Sarah Ripley, 21, was expecting twins at the time of the stabbing of her partner James Heddington in September last year.
Ripley, of Fort Crescent, is on trial at Canterbury Crown Court accused of murdering the 29-year-old drug addict. She has denied the charge.
Prosecutor Oliver Saxby QC told the jury today how the couple's relationship had deteriorated – and Ripley was also facing a jail sentence for burglary.
She was wanted by the police when she made a call to the emergency services saying Mr Heddington was bleeding to death from a stab wound to his stomach.
Ripley was asked: "Who did this?" and she replied: "I don't know. I just got back here and found him like that."

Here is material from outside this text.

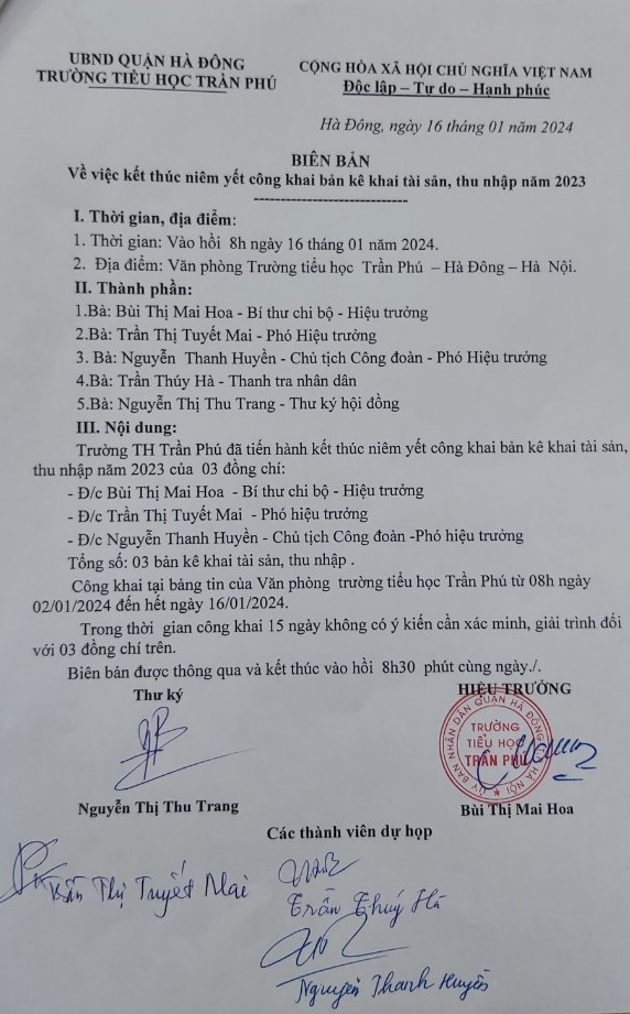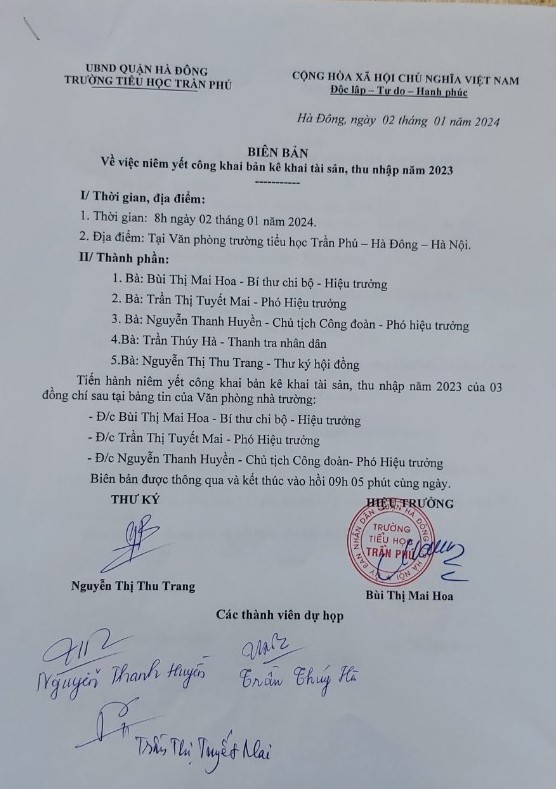 Trường tiểu học Trần Phú tiến hành niêm yết công khai tài sản, thu nhập năm 2023.

Officers arrested her and took her to the police station, where Ripley is alleged to have smuggled a mobile inside her cell in her bra.
Mr Saxby claimed she then made a call to a friend telling them: "I'm in big trouble."
The prosecutor alleged she later "changed tack", claiming the father-of-two had stabbed himself.
He told the jury: "As of late their relationship had begun to sour. It is plain there were a number of factors, first of all Mr Heddington was a drugs user and had been for a very long time.
"So long in fact, that his family had begun to despair of him and the kind of erratic and disruptive - and at times – aggressive behaviour so often linked to serious drugs use."
Mr Saxby claimed Ripley had also lived "a chaotic existence" in the life she shared with her lover.
"Two volatile characters then and there were also two significant additional pressures at play," he said. "First of all Ripley was five months' pregnant with twins. She has since had them delivered.
"The twins apparently were Mr Heddington's, though it seems he harboured doubts about this."
He also said Ripley had failed to turn up at Canterbury Crown Court for two burglaries – and an arrest warrant had been issued.
Mr Saxby added: "Plainly, the offences involved were serious ones likely to attract an immediate custodial sentence – in spite of the fact she was pregnant."
He told the jury that on the day of the stabbing, Mr Heddington had been borrowing phones from a number of people because he had "lost" Ripley.
The two had a number of arguments before meeting up for a drink at the Rose In June, in Margate, where Ripley appeared drunk.
A short while later, Mr Heddington borrowed another person's phone and during a row with Ripley threatened to go to Margate station and jump in front of a train, the court heard.
The trial, which is expected to last four weeks, continues.